Source data:
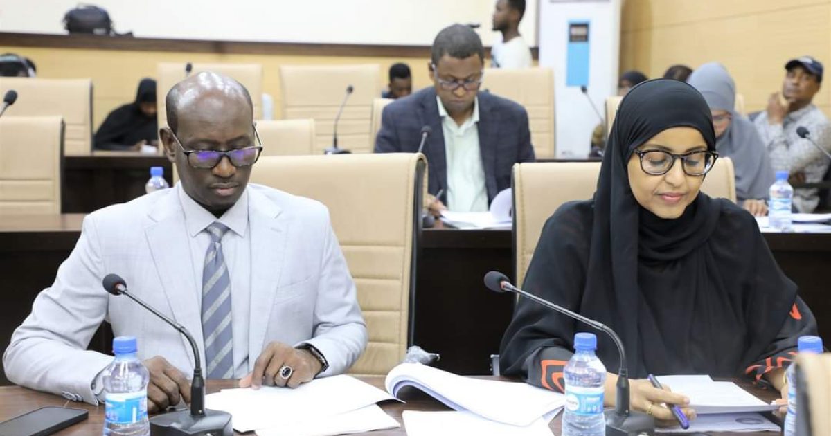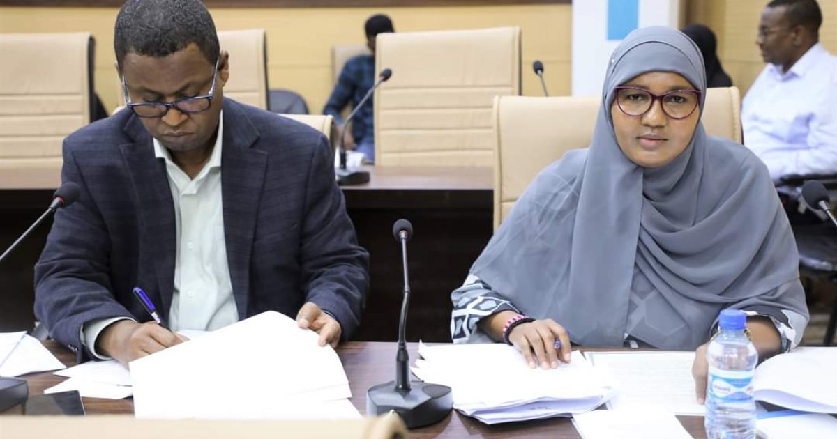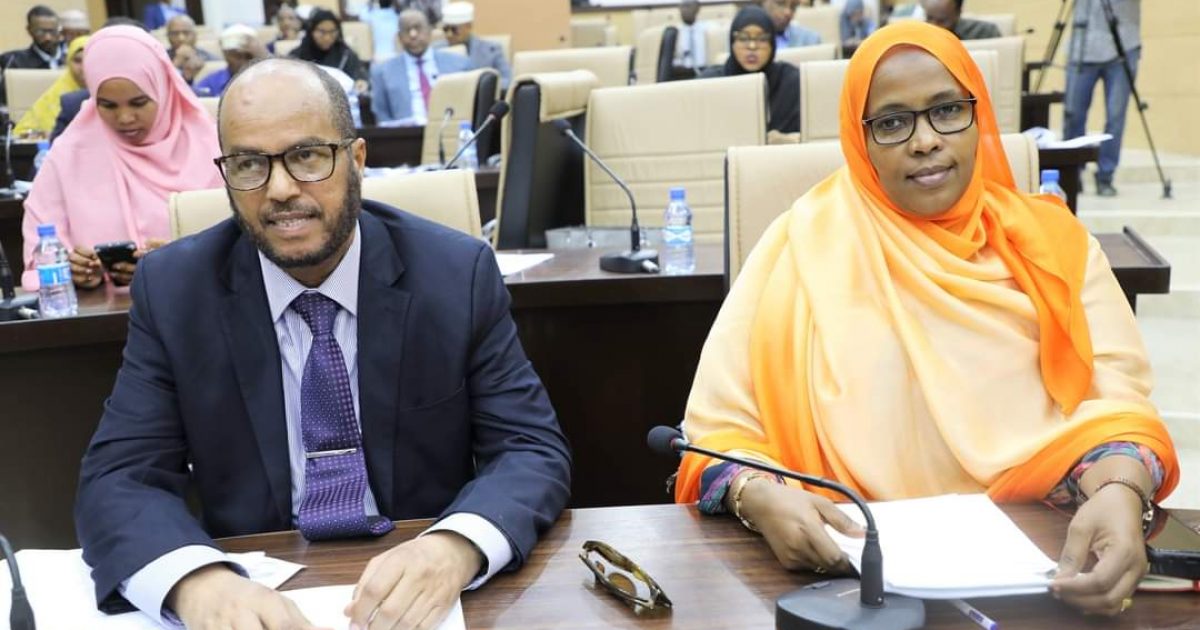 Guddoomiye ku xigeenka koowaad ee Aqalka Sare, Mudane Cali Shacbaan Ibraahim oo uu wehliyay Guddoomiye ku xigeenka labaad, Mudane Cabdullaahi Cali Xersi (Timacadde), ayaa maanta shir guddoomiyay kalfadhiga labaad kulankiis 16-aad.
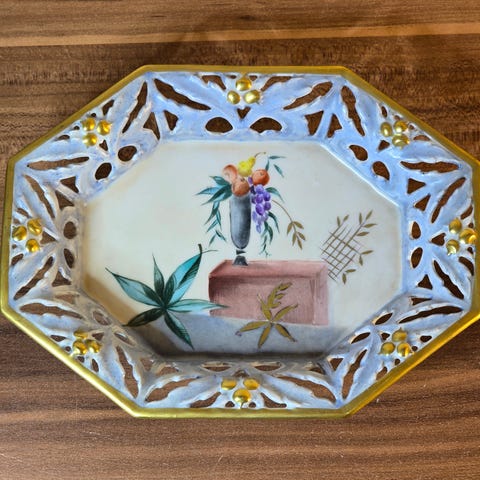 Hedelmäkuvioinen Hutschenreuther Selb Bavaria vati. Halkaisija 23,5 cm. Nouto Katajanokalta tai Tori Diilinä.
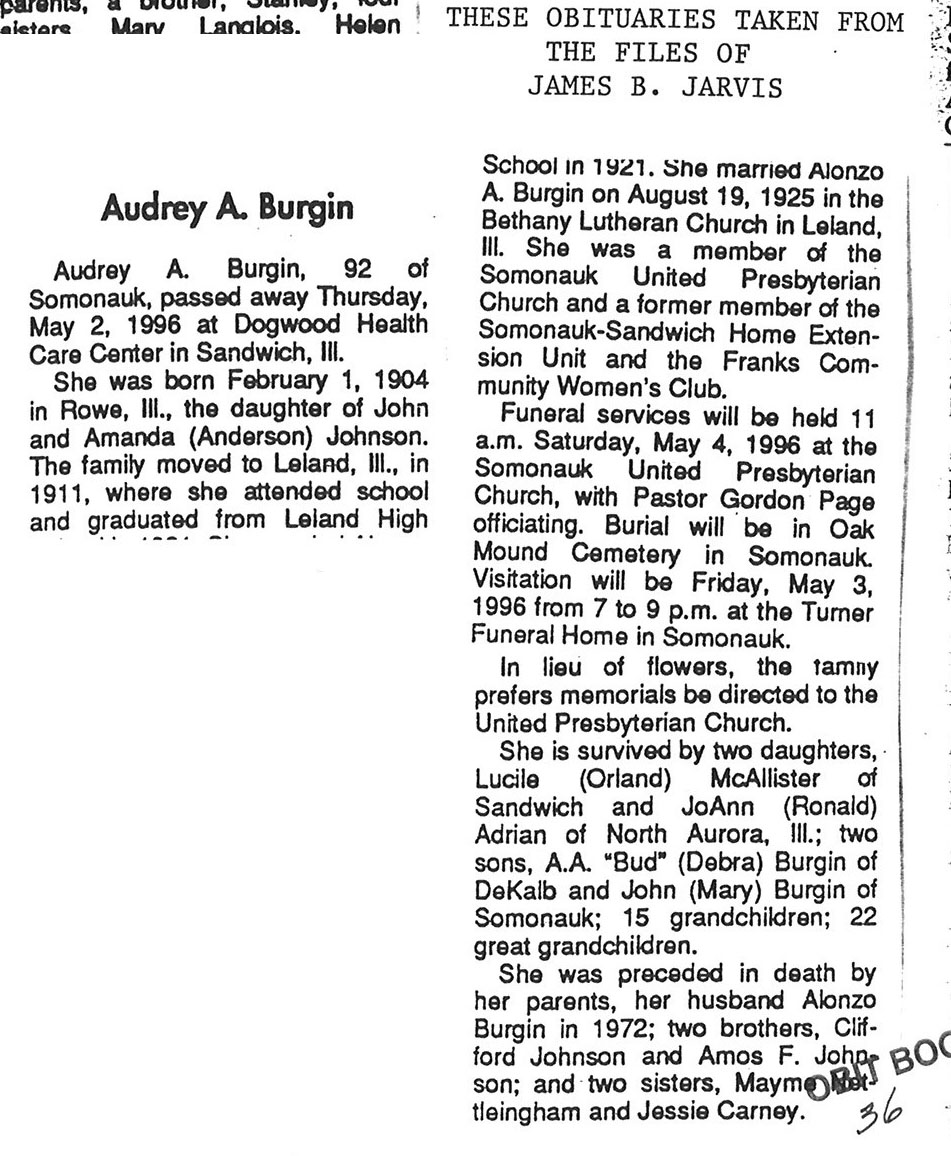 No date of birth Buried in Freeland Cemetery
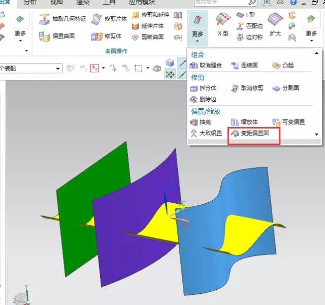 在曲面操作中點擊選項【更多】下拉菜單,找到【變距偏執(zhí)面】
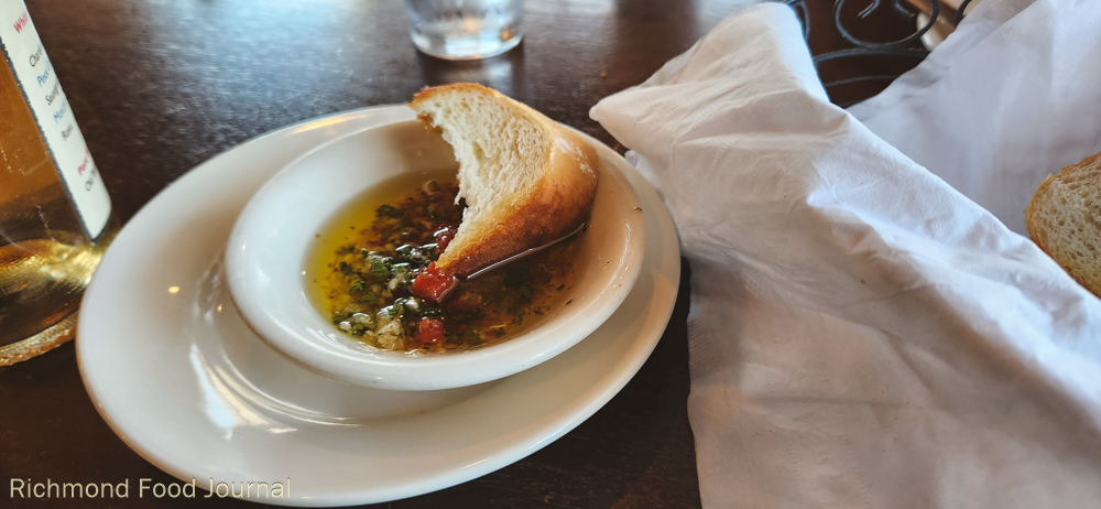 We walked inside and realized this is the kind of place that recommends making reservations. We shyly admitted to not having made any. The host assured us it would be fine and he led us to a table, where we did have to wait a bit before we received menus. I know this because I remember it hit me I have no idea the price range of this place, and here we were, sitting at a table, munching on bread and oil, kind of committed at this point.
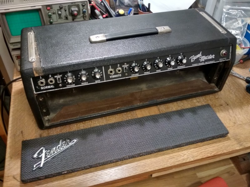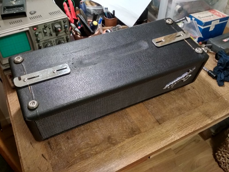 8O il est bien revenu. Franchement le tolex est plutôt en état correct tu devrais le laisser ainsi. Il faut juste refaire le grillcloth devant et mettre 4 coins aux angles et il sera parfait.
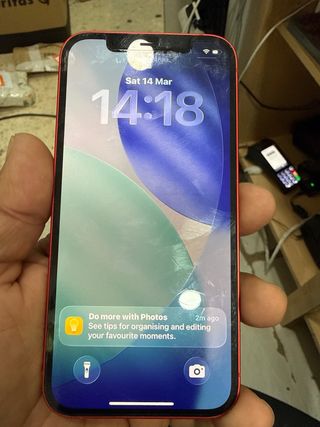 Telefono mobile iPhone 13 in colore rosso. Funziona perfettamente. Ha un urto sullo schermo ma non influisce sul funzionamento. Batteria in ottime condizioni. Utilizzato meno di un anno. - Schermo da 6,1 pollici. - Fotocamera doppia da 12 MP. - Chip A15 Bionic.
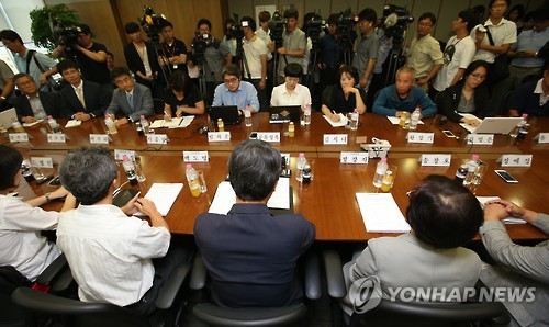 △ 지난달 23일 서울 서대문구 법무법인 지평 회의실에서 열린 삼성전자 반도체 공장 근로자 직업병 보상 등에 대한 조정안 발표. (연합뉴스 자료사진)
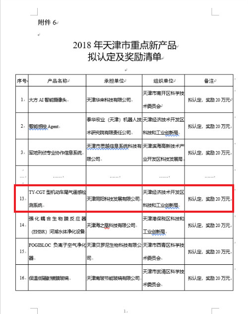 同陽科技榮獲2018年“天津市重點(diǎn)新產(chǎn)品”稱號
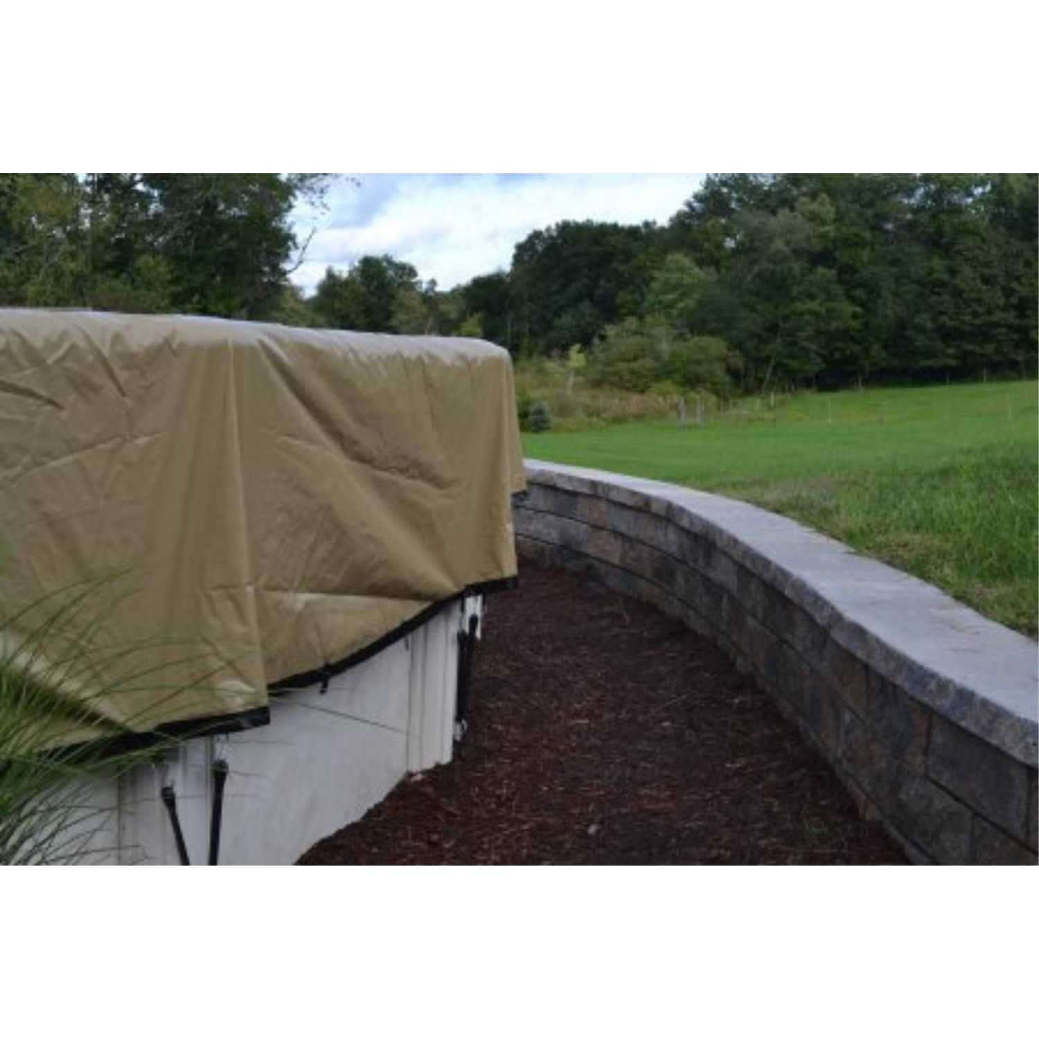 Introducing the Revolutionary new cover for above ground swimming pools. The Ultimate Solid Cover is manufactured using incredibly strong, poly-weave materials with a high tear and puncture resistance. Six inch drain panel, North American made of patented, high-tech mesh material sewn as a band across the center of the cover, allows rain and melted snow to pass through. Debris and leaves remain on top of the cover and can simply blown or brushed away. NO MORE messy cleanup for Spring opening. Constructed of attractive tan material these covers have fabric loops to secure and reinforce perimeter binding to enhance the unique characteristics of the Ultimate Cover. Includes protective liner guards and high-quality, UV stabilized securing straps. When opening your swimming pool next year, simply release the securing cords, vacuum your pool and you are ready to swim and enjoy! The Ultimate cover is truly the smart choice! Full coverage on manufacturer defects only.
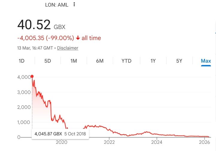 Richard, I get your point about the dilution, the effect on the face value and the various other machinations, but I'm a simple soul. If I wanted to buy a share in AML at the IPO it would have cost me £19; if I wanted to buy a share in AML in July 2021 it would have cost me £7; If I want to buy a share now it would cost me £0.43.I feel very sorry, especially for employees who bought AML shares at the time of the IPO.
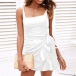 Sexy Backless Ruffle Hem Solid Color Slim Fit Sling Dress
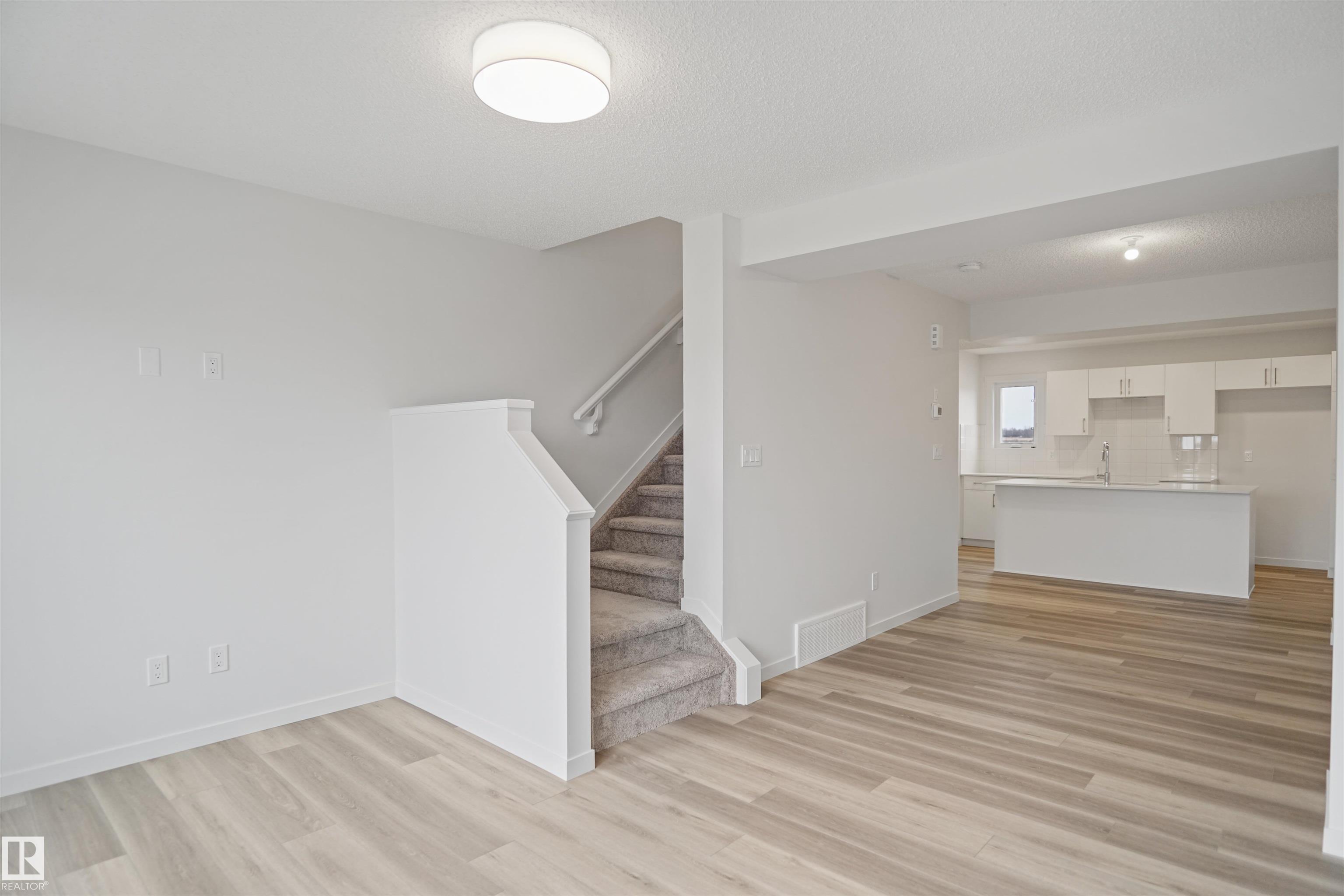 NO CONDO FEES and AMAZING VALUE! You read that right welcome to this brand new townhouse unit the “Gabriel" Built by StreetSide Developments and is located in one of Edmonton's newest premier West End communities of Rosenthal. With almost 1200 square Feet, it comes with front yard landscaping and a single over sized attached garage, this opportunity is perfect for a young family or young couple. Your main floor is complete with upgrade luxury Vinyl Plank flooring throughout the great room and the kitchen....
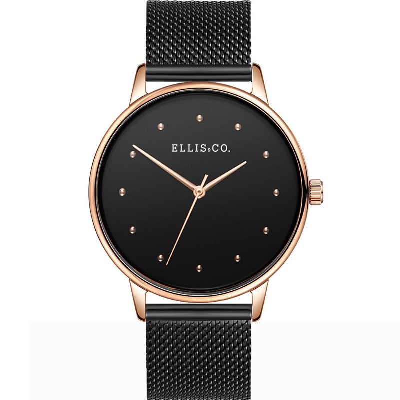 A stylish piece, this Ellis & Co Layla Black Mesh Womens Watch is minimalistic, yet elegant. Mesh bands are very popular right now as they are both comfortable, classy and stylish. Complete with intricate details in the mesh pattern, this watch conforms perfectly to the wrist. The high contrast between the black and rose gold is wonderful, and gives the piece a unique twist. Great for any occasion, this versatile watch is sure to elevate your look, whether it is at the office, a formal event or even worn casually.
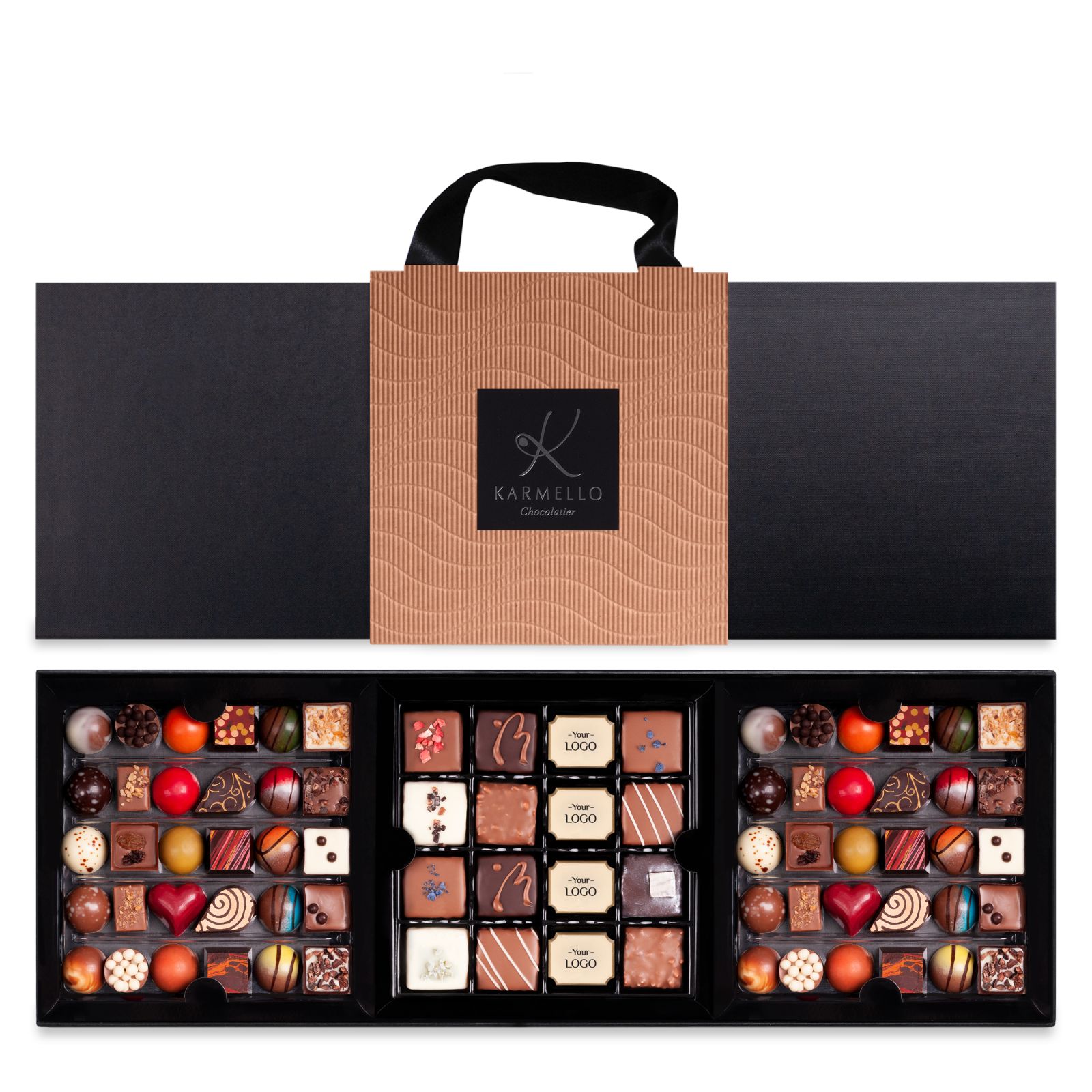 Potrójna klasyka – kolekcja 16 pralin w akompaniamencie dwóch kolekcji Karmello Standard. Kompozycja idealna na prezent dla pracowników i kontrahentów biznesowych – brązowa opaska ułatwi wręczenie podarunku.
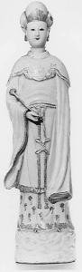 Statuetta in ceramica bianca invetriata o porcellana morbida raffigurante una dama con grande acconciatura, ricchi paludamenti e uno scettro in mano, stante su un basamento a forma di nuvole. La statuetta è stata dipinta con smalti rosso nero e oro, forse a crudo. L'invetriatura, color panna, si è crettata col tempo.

EXERCISE DIRECTIONS:
Exactly reproduce each entry, but drop the pictures.

WRITTEN RESPONSE:
 Guddoomiye ku xigeenka koowaad ee Aqalka Sare, Mudane Cali Shacbaan Ibraahim oo uu wehliyay Guddoomiye ku xigeenka labaad, Mudane Cabdullaahi Cali Xersi (Timacadde), ayaa maanta shir guddoomiyay kalfadhiga labaad kulankiis 16-aad.
 Hedelmäkuvioinen Hutschenreuther Selb Bavaria vati. Halkaisija 23,5 cm. Nouto Katajanokalta tai Tori Diilinä.
 No date of birth Buried in Freeland Cemetery
 在曲面操作中點擊選項【更多】下拉菜單,找到【變距偏執(zhí)面】
 We walked inside and realized this is the kind of place that recommends making reservations. We shyly admitted to not having made any. The host assured us it would be fine and he led us to a table, where we did have to wait a bit before we received menus. I know this because I remember it hit me I have no idea the price range of this place, and here we were, sitting at a table, munching on bread and oil, kind of committed at this point.
 8O il est bien revenu. Franchement le tolex est plutôt en état correct tu devrais le laisser ainsi. Il faut juste refaire le grillcloth devant et mettre 4 coins aux angles et il sera parfait.
 Telefono mobile iPhone 13 in colore rosso. Funziona perfettamente. Ha un urto sullo schermo ma non influisce sul funzionamento. Batteria in ottime condizioni. Utilizzato meno di un anno. - Schermo da 6,1 pollici. - Fotocamera doppia da 12 MP. - Chip A15 Bionic.
 △ 지난달 23일 서울 서대문구 법무법인 지평 회의실에서 열린 삼성전자 반도체 공장 근로자 직업병 보상 등에 대한 조정안 발표. (연합뉴스 자료사진)
 同陽科技榮獲2018年“天津市重點(diǎn)新產(chǎn)品”稱號
 Introducing the Revolutionary new cover for above ground swimming pools. The Ultimate Solid Cover is manufactured using incredibly strong, poly-weave materials with a high tear and puncture resistance. Six inch drain panel, North American made of patented, high-tech mesh material sewn as a band across the center of the cover, allows rain and melted snow to pass through. Debris and leaves remain on top of the cover and can simply blown or brushed away. NO MORE messy cleanup for Spring opening. Constructed of attractive tan material these covers have fabric loops to secure and reinforce perimeter binding to enhance the unique characteristics of the Ultimate Cover. Includes protective liner guards and high-quality, UV stabilized securing straps. When opening your swimming pool next year, simply release the securing cords, vacuum your pool and you are ready to swim and enjoy! The Ultimate cover is truly the smart choice! Full coverage on manufacturer defects only.
 Richard, I get your point about the dilution, the effect on the face value and the various other machinations, but I'm a simple soul. If I wanted to buy a share in AML at the IPO it would have cost me £19; if I wanted to buy a share in AML in July 2021 it would have cost me £7; If I want to buy a share now it would cost me £0.43.I feel very sorry, especially for employees who bought AML shares at the time of the IPO.
 Sexy Backless Ruffle Hem Solid Color Slim Fit Sling Dress
 NO CONDO FEES and AMAZING VALUE! You read that right welcome to this brand new townhouse unit the “Gabriel" Built by StreetSide Developments and is located in one of Edmonton's newest premier West End communities of Rosenthal. With almost 1200 square Feet, it comes with front yard landscaping and a single over sized attached garage, this opportunity is perfect for a young family or young couple. Your main floor is complete with upgrade luxury Vinyl Plank flooring throughout the great room and the kitchen....
 A stylish piece, this Ellis & Co Layla Black Mesh Womens Watch is minimalistic, yet elegant. Mesh bands are very popular right now as they are both comfortable, classy and stylish. Complete with intricate details in the mesh pattern, this watch conforms perfectly to the wrist. The high contrast between the black and rose gold is wonderful, and gives the piece a unique twist. Great for any occasion, this versatile watch is sure to elevate your look, whether it is at the office, a formal event or even worn casually.
 Potrójna klasyka – kolekcja 16 pralin w akompaniamencie dwóch kolekcji Karmello Standard. Kompozycja idealna na prezent dla pracowników i kontrahentów biznesowych – brązowa opaska ułatwi wręczenie podarunku.
 Statuetta in ceramica bianca invetriata o porcellana morbida raffigurante una dama con grande acconciatura, ricchi paludamenti e uno scettro in mano, stante su un basamento a forma di nuvole. La statuetta è stata dipinta con smalti rosso nero e oro, forse a crudo. L'invetriatura, color panna, si è crettata col tempo.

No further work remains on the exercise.